Down on her knees scrubbing, scrubbing for the last time the floor for "Miss Judy," tears trickled down the ebony cheeks.
"Po', po' Miss Judy. You's done gwine wid de angels."
They laid her in the family tomb, overlooking the green valley of the Roanoke. Two weeks after her death, Colonel Hancock himself also succumbed.
To a double funeral the Governor came back. High on the hillside they laid them, in a mausoleum excavated out of the solid rock.
"De Cunnel, he done watch us out ob dat iron window up dah," said the darkies. "He sits up dah in a stone chair so he can look down de valley and see his slaves at deir work."
To this day the superstitious darkies will not pass his tomb.
On his way to Washington, Governor Clark stopped again at Monticello.
"Ah, the joyous activity of my grandfather!" exclaimed Thomas Jefferson Randolph. "He mounts his horse early in the morning, canters down the mountain and across country to the site of the university. All day long he assists at the work. He has planned it, engaged workmen, selected timber, bought bricks. He has sent to Italy for carvers of stone."

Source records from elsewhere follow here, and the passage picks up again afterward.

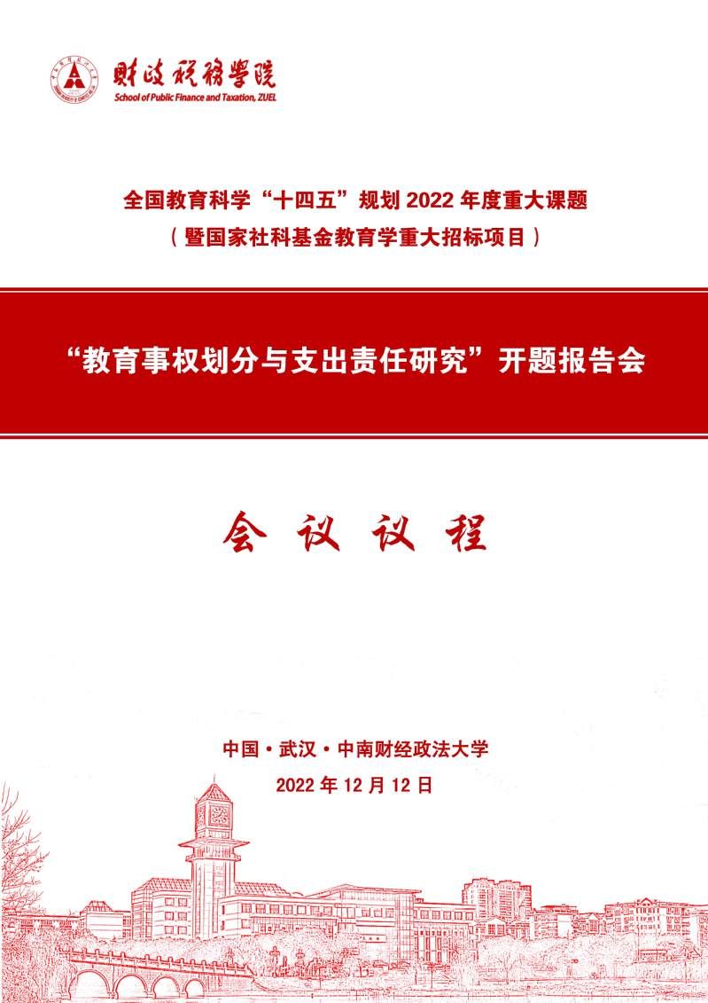 会议通知|2022年度国家社科基金教育学重大招标项目“教育事权划分与支出责任研究”开题报告会议程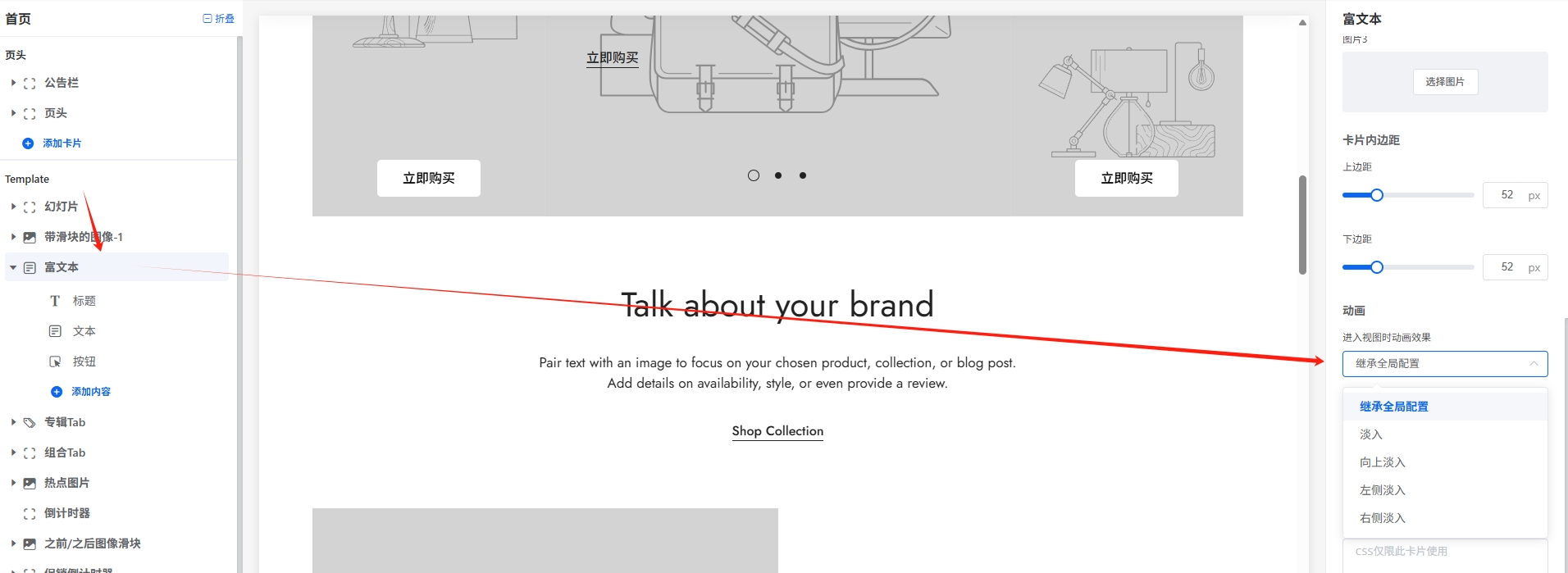3.大多数的装修卡片,都可以单独进行设置动画,如下图: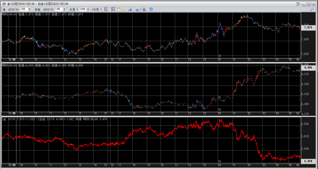中:大阪取引所 白金 2023年10月限 1分足
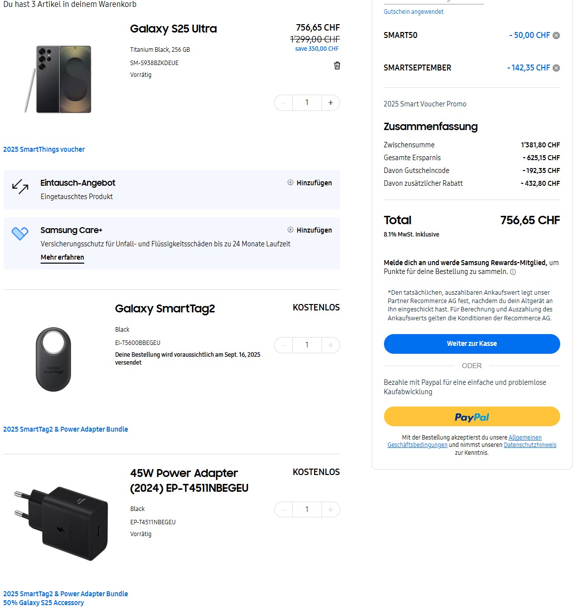 Mit der Kombination der beiden Gutscheincodes SMARTSEPTEMBER und SMART50 lassen sich auch noch weitere Produkte zu einem guten Kurs abstauben. Das S25 Ultra mit 256GB kostet damit beispielsweise CHF 756.65, was den bisherigen Bestpreis von vor 3 Wochen nochmals um ein paar Franken unterbietet.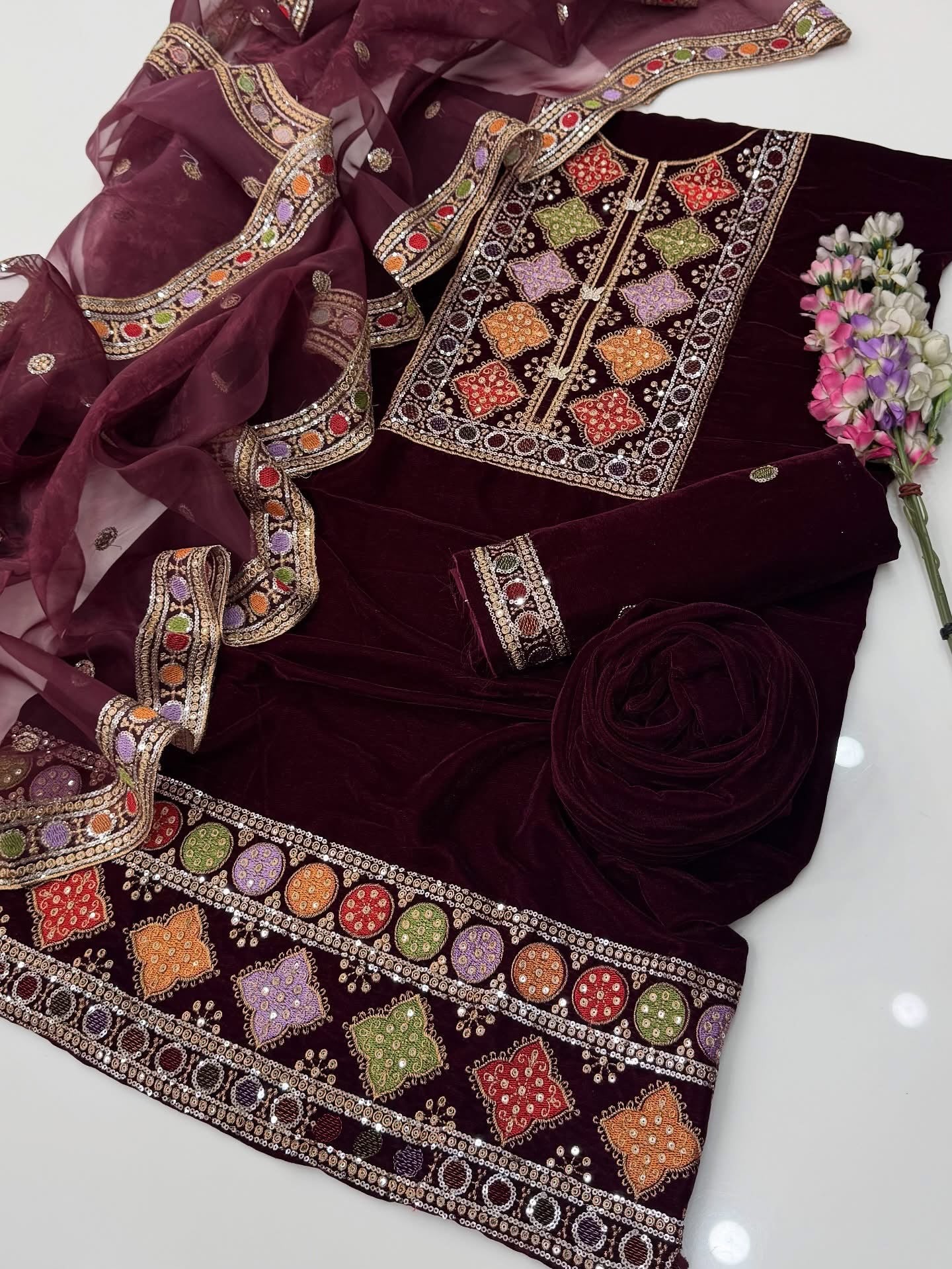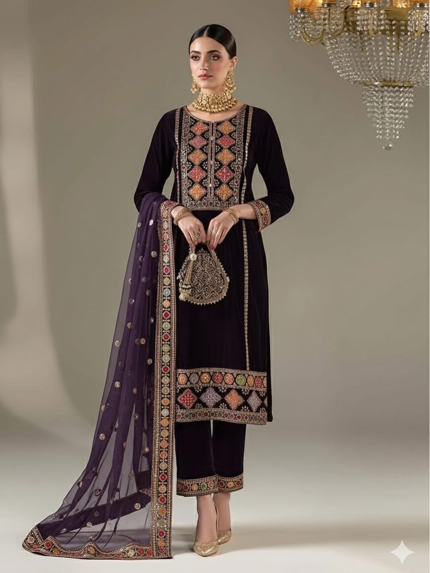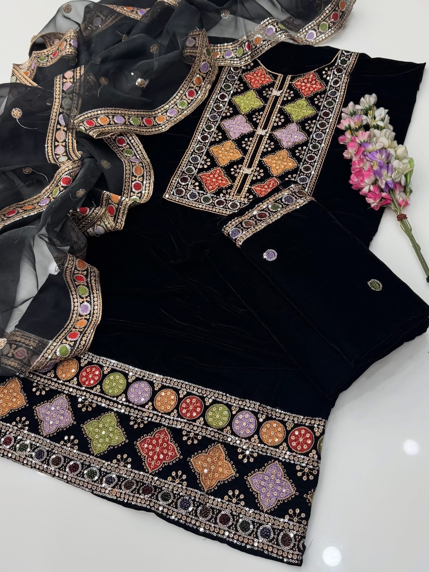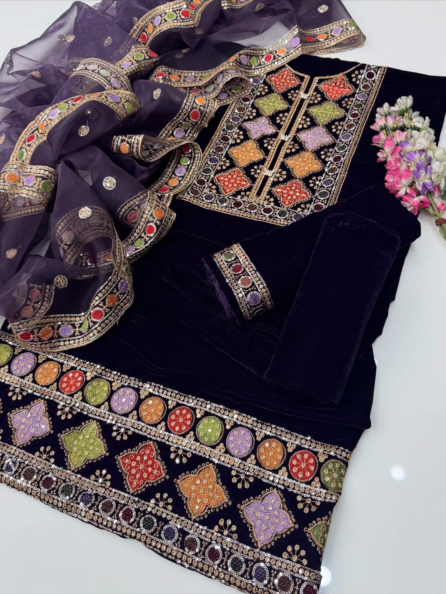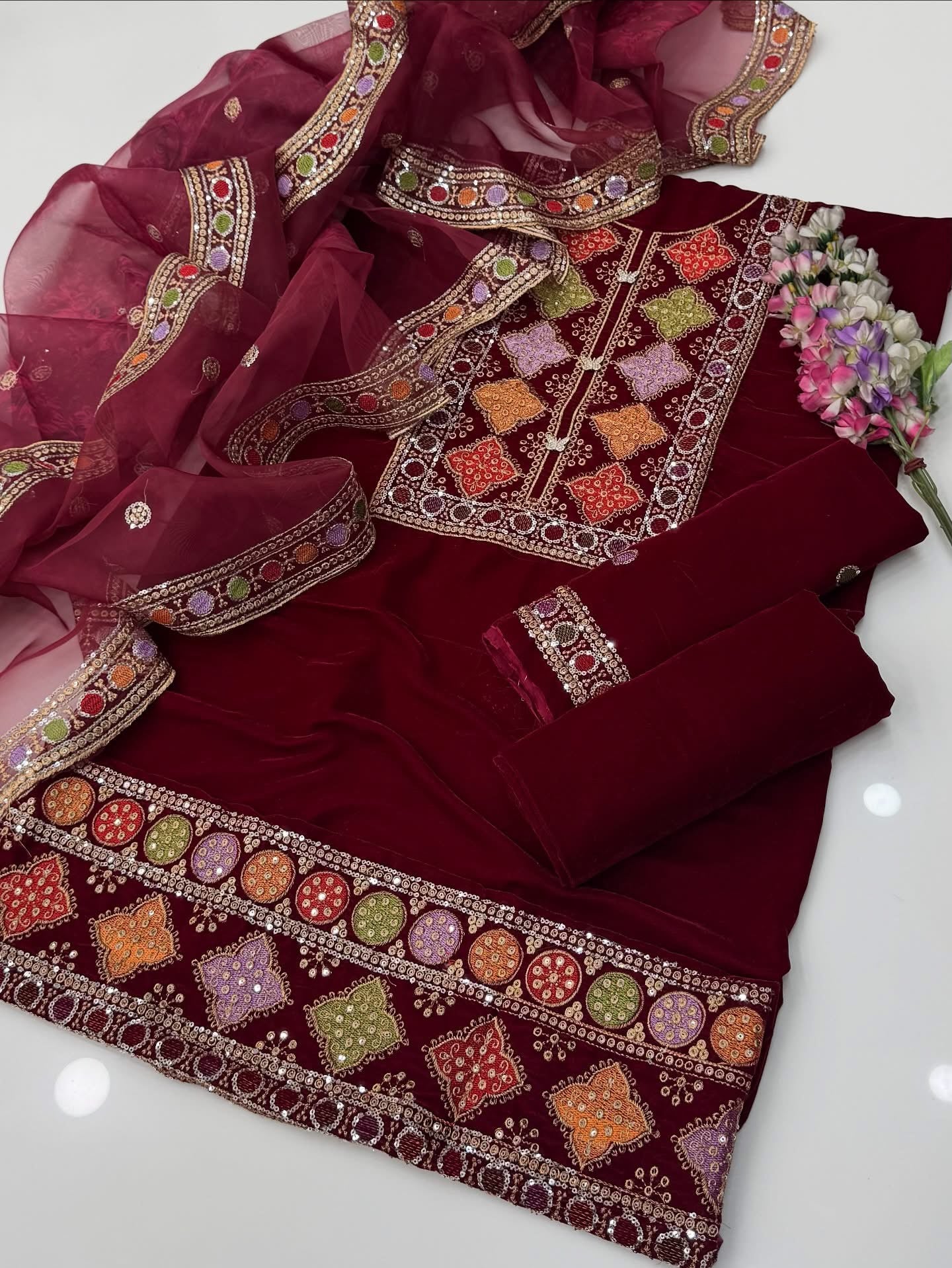 Beautiful & Elegant Aneelas Brand Bareeze Multi Embroidered Pure 9000 Micro Pound Velvet Shirt & Trouser With Fancy Organza Cut Work Duppata 3 PC Dress 👗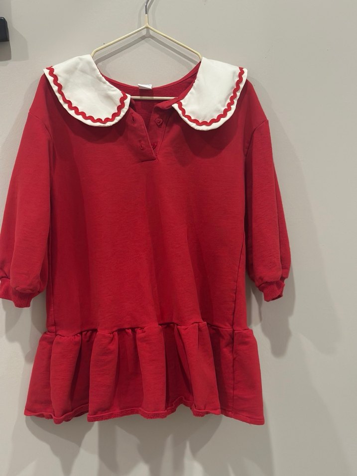 Kız çocukları için kırmızı uzun kollu, bol kesim elbise, fırfırlı etek ucu ve nakışlı beyaz yakaya sahiptir, yumuşak ve sıcak kumaştan üretilmiştir.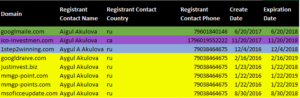 In the prior section we associated the first domain with s.miloshevich[@]yandex.ru. The actor behind innaput69[@]gmail.com registered domains two and three. All three domains hosted either a variant or the primary sample we analyzed, thus tying them together as part of the same activity. Looking at the domains registered by innaput69[@]gmail.com, the names on the account use the same last name but use two different first names. Notice all but one list the registrant contact country as RU.

Out of those students flocking to consult Jefferson had grown the University of Virginia. Books and professors were brought from England, and the institution opened in 1825.
Martha Jefferson's husband, Thomas Mann Randolph, was Governor of Virginia now, but the sage of Monticello paid little attention. All his talk was of schools,—schools and colleges for Virginia.